Interpretando-se as características do Dasein descritas por Heidegger, é buscando-se uma aproximação de sua
ontologia com a antropologia, pode-se compreender quem é o homem. A relação do homem com os homens é
diferente da relação com as coisas. Em sua relação com os outros homens, ele é interpelado a abrir-se, sair e provocar
encontro. Na relação com as coisas, o homem simplesmente faz uso do que se encontra disposto no mundo das
ocupações. A existência do homem só pode ser considerada quando também se considera que o homem é em um
mundo. Sem a mundaneidade não pode existir homem. O homem só pode ser compreendido lançado neste com o
qual está envolvido, o mundo. Nele o homem toma consciência de sua existência. Realiza os seus projetos, cria
utensílios para tornar a vida mais cômoda, lança-se em encontros com o outro, fazendo acontecer a convivência. O
homem necessita da presença do outro para viver. A convivência com o outro tem o papel muito importante na vida
do homem, pois é através dela que o homem se humaniza.
Diante do que foi estudado, resta afirmar que Heidegger foi muito original em seu pensamento. Heidegger em seu
pensamento não tematiza o ser, pois senão estaria objetivando o ser. Falando sobre o Dasein, Heidegger pretendeu
falar do verdadeiro sentido do ser.

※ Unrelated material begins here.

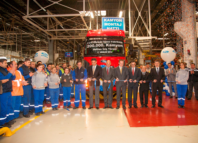 Ford Otosan, Ford Trucks kamyon ve çekicilerini ürettiği Eskişehir İnönü Fabrikası’nda 200 bininci kamyonu törenle hattan indirdi. Törene, Metal İş Sendikası Eskişehir Şube Başkanı Erkut Kılıç, Ford Otosan Genel Müdürü Haydar Yenigün,Ford Otosan Genel Müdür Başyardımcısı William Periam, Ford Otosan Kamyon İş Birimi Genel Müdür Yardımcısı Ahmet Kınay, Ford Otosan Malzeme Planlama ve Lojistikten Sorumlu Genel Müdür Yardımcısı Cengiz Kabatepe, Ford Otosan Kocaeli Fabrikalar Müdürü Mehmet Günel, Ford Otosan İnönü Fabrikası Müdürü Gültekin Hanlıoğlu ve kamyonları tasarlayan mühendisler ile üreten işçiler katıldı.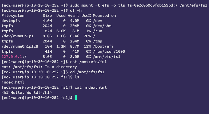 [ec2-user@ip-10-30-14-99 ~]$ echo '<h1>Hello, World!</h1>' | sudo tee /mnt/efs/fs1/index.html

O Dasein é o ente que se pergunta pelo próprio ser, só ele compreende os demais
entes e somente ele tem a capacidade de fazer a pergunta pelo sentido do ser.
Referências
HEIDEGGER, M. Ser e Tempo: parte II. 2ªed. Trad. Márcia de Sá Cavalcanti. Parte II Petrópolis: Vozes, 1998.
NOBRE, Rui José. O ente que pensa o ser: elementos para a compreensão do Dasein heideggeriano. Mariana:
Instituto de filosofia São José, 2003. (TCC em Filosofia)
OLIVEIRA, Manfredo Araújo de, A filosofia na crise da modernidade. São Paulo: Loyola, 1989.
REALE, Giovanni; ANTISERI, Dario. História da Filosofia: vol. III. São Paulo: Paulinas, 1991.